Chronic pelvic pain (CPP) is a complex condition of heterogeneous etiology. We hypothesize, in our single-center retrospective cohort of comprehensive electronic patient intake forms, that patients with pelvic pain will show a strong prevalence of sexual, urinary, gastrointestinal, psychological, and neurological symptomatology.

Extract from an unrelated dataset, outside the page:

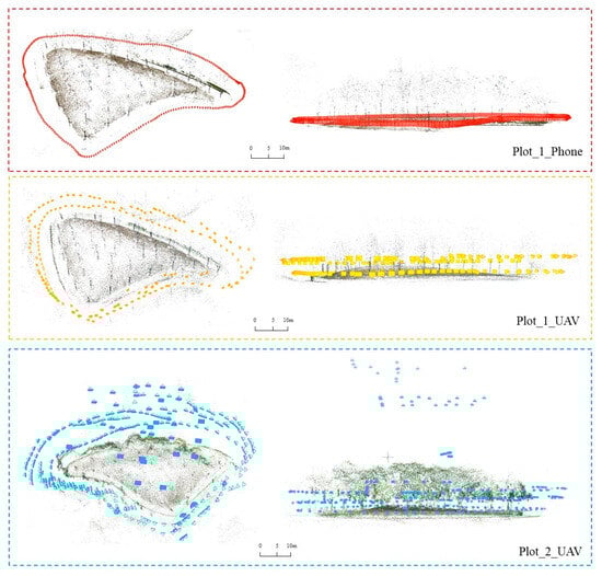 We used multiple devices and methods for data collection. An iPhone (Apple Inc., Cupertino, CA, USA) 11′s camera (12-megapixel, f/1.8) was used to capture 4K video footage of Plot_1 on the ground. Individual frames were then extracted from the video at a rate of 2 frames per second (fps), ensuring an overlap of over 70% between consecutive images. Additionally, a RGB camera (20-megapixel, f/2.8–f/11) on DJI Phantom 4 UAV (DJI, Shenzhen, China) was employed to manually collect image data of both Plot_1 and Plot_2. First, the UAV was hand-held to capture images at regular intervals while walking around the plots, followed by manual control of the UAV to capture aerial images above both plots. In both cases, an overlap of more than 70% was ensured between consecutive images. Figure 3 shows the camera positions for Plot_1 and Plot_2 obtained after being processed with COLMAP. These consumer-grade cameras are not only inexpensive but also easy to operate, and are widely used by the general public. The image resolution and number of images are detailed in Table 1. The two plots were also scanned by a RIEGL VZ-400 (Riegl, Horn, Austria) terrestrial laser scanner (with the following parameters: accuracy of 3 mm, precision of 5 mm, laser beam divergence of 0.35 mrad, and angular resolution of 0.04 degrees). In order to obtain complete reference point cloud data, six scan stations were strategically placed around each plot to ensure maximal coverage. The point clouds from multiple scans were then coarsely and finely registered in the RiSCanPro software (Version 1.7.5), with a registration accuracy of approximately 4 mm. The Lidar point cloud data and image data for two plots were collected on the same day under clear and windless weather conditions.

259 patients completed the electronic intake for our subspecialized adult Urogynecology and Reconstructive Pelvic Surgery (URPS) clinic. Of the 259 patients 114 reported “yes” to pelvic pain, and 138 reported “no”, the remaining 7 patients did not answer the survey. 38 (14.7%) were male, 215 (83%) female, and 6 (2.3%) identified as transgender. Statistical analysis included unpaired t-tests. Validated measures were: POPDI-6, autonomic symptom score, PHQ4 (anxiety and depression), UDI-6 (urinary symptoms), neuro-urological symptoms, PISQIR (sexual health and function), CRAD-8 (lower urinary tract symptoms, GUPI pain subscales/total and quality of life scores (genitourinary pain), AUASS (urinary symptoms) and SHIM (sexual health inventory).

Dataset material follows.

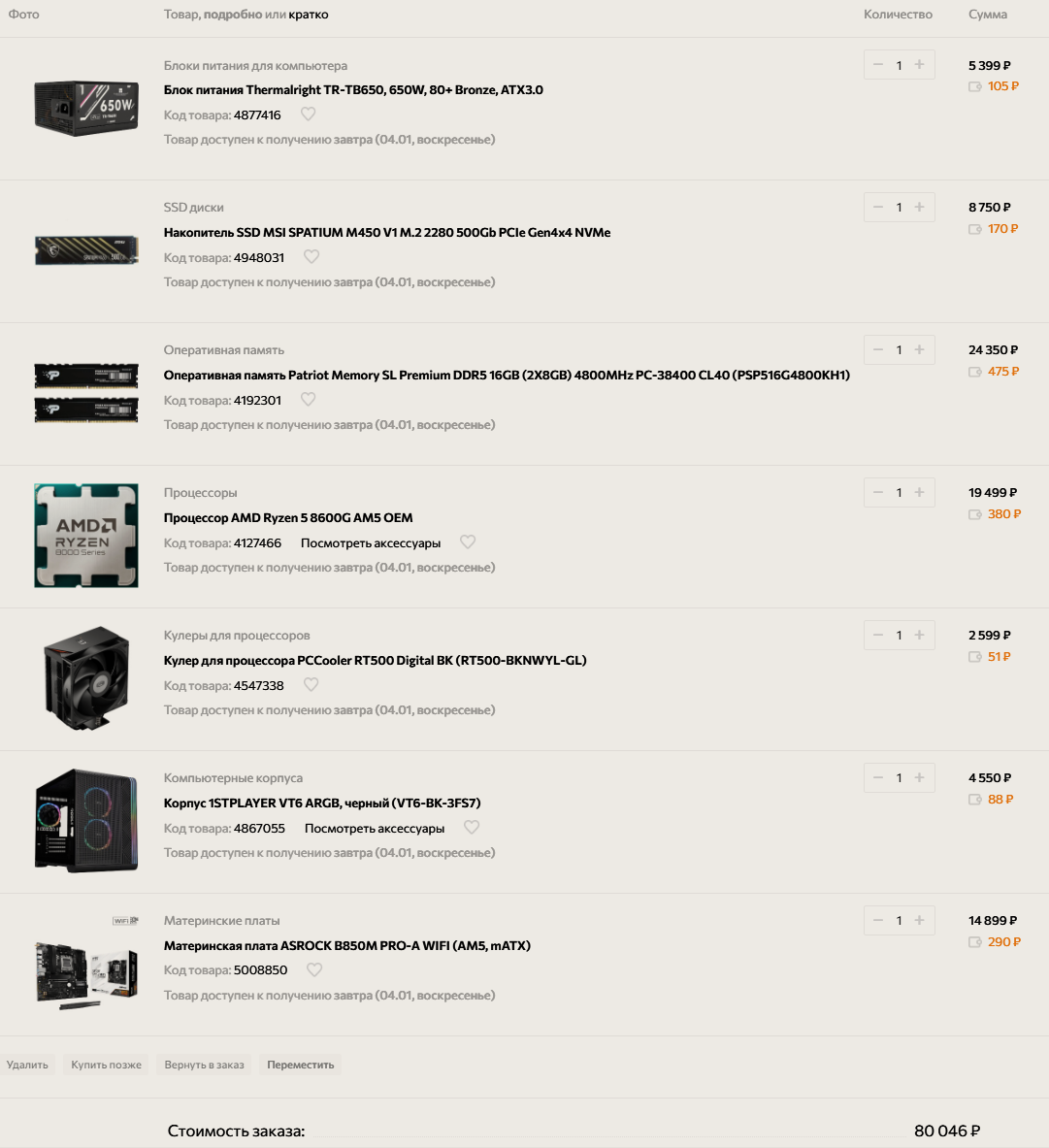 Лови alexzein110 : http://www.dns-shop.ru/cart?share=88f32 ... a7b5bbab2a 12600KF/16DDR4/5050/512GBSSD + материнская плата и система охлаждения которая в 14600K может. Я бы так собрал, эта сборка на порядок лучше будет, ну а SSD 1TB это не обязательный параметр, а вот нормальный процессор, материнская плата которая и 14900K может, хорошая башня которая 14600K вытянет на два щелчка, вот это обязательное, а SSD он потом себе докупит, хоть на 100 TB, главное под систему есть и ПК работать будет намного веселей.

The results are attached as a table below.

Patients with pelvic pain reported significantly higher POPDI-6 scores (mean 39.4 ± 21.5 vs. 23.1 ± 18.3, respectively, t value -5.3, p value <0.001), autonomic symptoms (mean 6.7 ± 6.2 vs. 3.4 ± 3.5, respectively, t value = -4.1, p value < 0.001), PHQ-4 scores (mean 3.5 ± 3.3 vs. 1.8 ± 2.8, respectively, t value = -4.4, p value <0.001) compared to those without pelvic pain, higher urinary UDI-6 scores (mean 50.4 ± 24.9 vs. 40.1 ± 23.4, respectively, p value = 0.009, t value = -2.7), significantly more neuro-urological symptoms (mean 3.5 ± 2.7 vs. 1.6 ± 2.2, respectively, p value < 0.001, t value = -6.1) PISQR scores (mean 3.2 ± 0.7 vs. 3.6 ± 0.6, respectively, t value = -2.3, p value = 0.03), significantly higher CRAD-8 scores (mean 27.4 ± 20.7 vs. 21.0 ± 20.0, respectively, t value = -2.2, p value = 0.03), GUPI pain subscale scores (mean 12.8 ± 4.9 vs. 0.8, ± 1.1, respectively, t value = -24.5, p value <0.001) compared to those without pelvic pain, higher GUPI quality of life scores (mean 8.9 ± 2.9 vs. 3.9 ± 1.7, t value = -16.3, p value <0.001 and higher GUPI total scores (mean 4.7 ± 1.3 vs. 4.0 ± 1.6, respectively, t value = – 3.9, p value <0.001). Pelvic pain was not associated with AUASS and SHIM. (Table 1)

Our findings suggest a significant association between pelvic pain and sexual, urinary, bowel, pelvic, psychological, neurological and autonomic symptoms. A multidisciplinary approach is recommended when managing CPP in order to achieve optimal quality of life.